BBB’s ‘Lady’ not quite fair 

click to enlarge Broadway By the Bay is staging Lerner and Loewe's classic musical “My Fair Lady.” - COURTESY MARK KITAOKA AND TRACY MARTIN
  • COURTESY MARK KITAOKA AND TRACY MARTIN
  • Broadway By the Bay is staging Lerner and Loewe's classic musical “My Fair Lady.”

One of the most perfectly formed musicals of Broadway’s golden age, “My Fair Lady” has a heavenly score – music by Alan Jay Lerner and lyrics by Frederick Loewe – and a sublime and solid libretto by Loewe.

It is based on George Bernard Shaw’s classic “Pygmalion,” sourced from Ovid’s poem about a sculptor falling in love with his statue, brought to life by his kiss, courtesy of a little divine intervention from the goddess Aphrodite.

If only the production at Broadway By the Bay had been so mythically blessed! Following the company’s magnificent “Les Misérables,” this Redwood City “Lady” should have danced all night.
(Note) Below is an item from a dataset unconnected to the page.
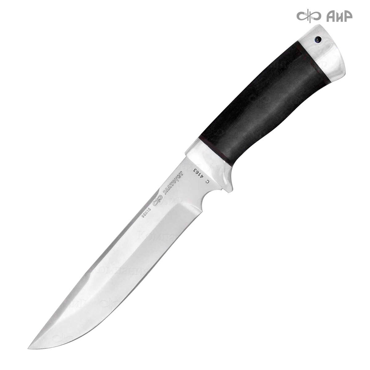 Внимание! С 27.11.2017 г. приостановлена доставка гражданского холодного оружия в населенные пункты по всей территории Российской Федерации, ранее осуществляемая ФГУП «Главный центр специальной связи». Данный нож можно приобрести на условиях самовывоза только в головном офисе Компании «АиР» в г. Златоусте (отдел маркетинга, график: пнд-птн, 8.00-17.00 ч.).Образец является ножом охотничьим и относится к гражданскому холодному оружию.

Instead, the production is more squashed cabbage leaf than embassy ball duchess. The curtains rise to a promisingly gorgeous set by Annie Dauber in and around which Eliza Doolittle (Samantha Williams) dances while silently fantasizing about owning one of the fancy dresses – lovely costumes by Valerie Emmi – that she sees in the shop windows.

Soon clouds and audience hopes burst. When Eliza and Professor Henry Higgins (Scott Solomon) first interact, his cry is “Heavens, what a sound!” It’s his one credible moment in the evening as all the lower-class accents and several of the upper have a distinctly “trying too hard” quality that becomes grating over time.

Williams is a sweet presence but lacks that “divine fire” Eliza needs to counter what should be Higgins bombast. Another discordant note is that Williams is a fine mezzo, but Eliza really needs the ebullience of a soprano to make her songs soar.

Unfortunately, nothing soars in the tight-lipped performance by Solomon, making his musical debut. His vocals are thin and the character is devoid of charisma. It’s a wonder Eliza stays with him, let alone returns at the end of the evening.

Sergey Khalikoulov is a charming puppy of a Freddy but his singing lacks passion, Praveen Ramesh gives an interestingly different take on Col. Pickering, and Kristina Hudelson could use more starch as housekeeper Mrs. Peace. The ensemble sings well in spite of the orchestra – special applause to the quartet: Kyle Arrouzte, Jesse Cortez, Joseph Hudelson and Andrew Kracht – but almost no one looks happy dancing.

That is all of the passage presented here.